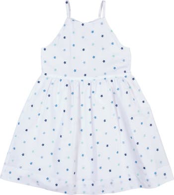 Timeless and elegant for spring celebrations, this dress is crafted from crisp white poplin embroidered with delicate floral details in soft 100% cotton. A back keyhole finished with spaghetti ties adds a graceful touch, while the classic waistline silhouette with a softly shirred skirt creates beautiful movement. Designed to fall to the knee and finished with a back zipper for easy dressing, it’s perfect for spring events, special occasions, and picture-perfect moments throughout the season.
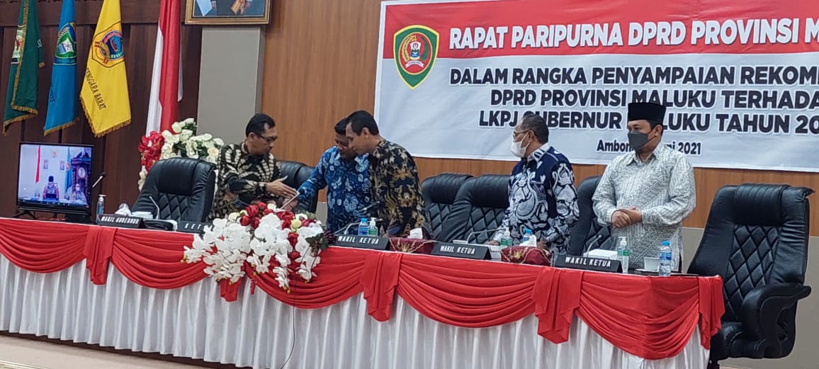 Hasil rekomendasi ini diserahkan melalui rapat paripurna penyampaian rekomendasi dewan terhadap LKPJ Gubernur Maluku Tahun 2020, di Ruang Rapat Paripurna DPRD, Jumat 4/6/2021 yang dipimpin Wakil Ketua DPRD Maluku Melkianus Sairdekut.
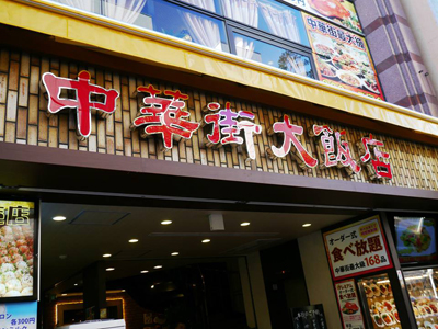 JR石川町駅から西門(延平門)をくぐり徒歩3分。左側大きな赤い文字の「中華街大飯店」(1)さん。
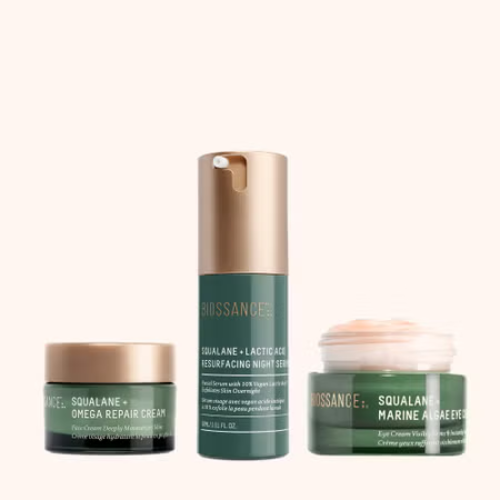 Wake up to dramatically smoother, more luminous skin with this powerful trio. Two full sizes, Marine Algae Eye Cream and 10% Lactic Acid Resurfacing Night Serum, combine to target fine lines and rough texture. Mini Omega Repair Cream deeply nourishes and strengthens skin's moisture barrier.
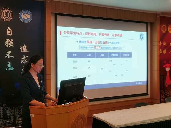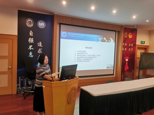 分管研究生教学工作副院长唐青叶就学院今年研究生招生情况、2022年招生计划、招生宣传、2021新生培养计划、研究生公共英语教学改革以及导师责任等方面做了报告。

To do: Retype all of the listing above exactly, but keep its pictures out.

Output of the exercise:
 Timeless and elegant for spring celebrations, this dress is crafted from crisp white poplin embroidered with delicate floral details in soft 100% cotton. A back keyhole finished with spaghetti ties adds a graceful touch, while the classic waistline silhouette with a softly shirred skirt creates beautiful movement. Designed to fall to the knee and finished with a back zipper for easy dressing, it’s perfect for spring events, special occasions, and picture-perfect moments throughout the season.
 Hasil rekomendasi ini diserahkan melalui rapat paripurna penyampaian rekomendasi dewan terhadap LKPJ Gubernur Maluku Tahun 2020, di Ruang Rapat Paripurna DPRD, Jumat 4/6/2021 yang dipimpin Wakil Ketua DPRD Maluku Melkianus Sairdekut.
 JR石川町駅から西門(延平門)をくぐり徒歩3分。左側大きな赤い文字の「中華街大飯店」(1)さん。
 Wake up to dramatically smoother, more luminous skin with this powerful trio. Two full sizes, Marine Algae Eye Cream and 10% Lactic Acid Resurfacing Night Serum, combine to target fine lines and rough texture. Mini Omega Repair Cream deeply nourishes and strengthens skin's moisture barrier.
 分管研究生教学工作副院长唐青叶就学院今年研究生招生情况、2022年招生计划、招生宣传、2021新生培养计划、研究生公共英语教学改革以及导师责任等方面做了报告。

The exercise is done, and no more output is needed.